Believing, falsely, that you’re an “Empath” can lead to over identification, neglect of boundaries, and pushy interfering behaviour. “Empaths” may overstep in relationships due to their false belief in their own higher understanding, and such beliefs impair the ability to provide objective support, potentially harming both the “Empath” and those they have fixated upon.
Sadly, those who believe themselves to be “Empaths” tend to exhibit low levels of genuine empathy, which can quickly become problematic when teamed with the low self awareness required to hold that belief.
Just as those men who invade comment sections demanding that people believe they’re nice guys reveal a stark contrast between their self-perception and their true natures, those who claim to be “Empaths” are usually some of the least empathetic people imaginable.
The difference is that nice guys do exist—while “Empaths”, fortunately for all of us, do not.
So Barbara, to sum up —if you keep making false claims in an attempt at self aggrandisement, we won’t be sitting together at coffee break in the future.
You’re not an “Empath”.
And I’m not a storm. For which you should all be grateful.

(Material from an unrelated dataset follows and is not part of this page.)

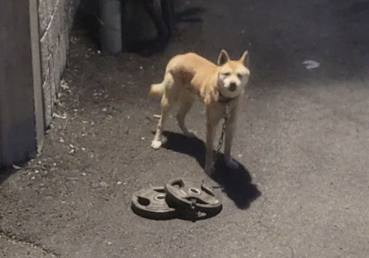 [서울=뉴시스]장가린 인턴 기자 = 30kg짜리 바벨에 묶인 채 산속에 유기된 강아지가 구조됐다.

“You will hear thunder, and remember me, and think: she wanted storms” ‐ Anna Akhmatova
*I’m bringing back normal. There’s been a concerted effort by a mouthy minority to convince everyone that normal is just the setting on a wash cycle. But, in fact, normal just means standard, typical, not unusual. If you’re going to pretend you can’t recognise standard, typical and not unusual you may as well look for the exit now. I’ve little time for disingenous fuckmuppets.
"Empathy involves understanding and being aware of another person's feelings and having the ability to see things from their perspective."
I hate the word "empathy". Too woo-woo. I don't want people to "feel" me (yeah, people actually say "I feel you" now). I want people to understand me ("I get you"). Period. That's a cognitive act, not an emotional one (compassion and generosity would be a nice add-on).
Deanna Troi is such a frickin' bleeding heart oozing all over the holodeck. Her romances with Riker and Worf were a hoot.
Wow. All we've come to expect from our sharp-tongued Anthropologist!
The era of Virtue-Signaling is rattling in your quake.
I wonder if the banner-wearers of Empathdom ever wanted a claim at merely being able to feel what others are feeling. Likely they were most after the "I'm more compassionate than you guys"award.
I like your pushback idea that you can feel all day long what another is feeling, but that doesn't mean you should "feel for them".
But the Atticus Finch virtue of "go ahead and walk a mile in the other guy's shoes" is as important today as it ever was.
So I guess striking the balance between gloating about one's ability to "conduct" the emotions and sentiments of others and just casting people out for their dumb deeds without caring about why they do what they do would be the best path.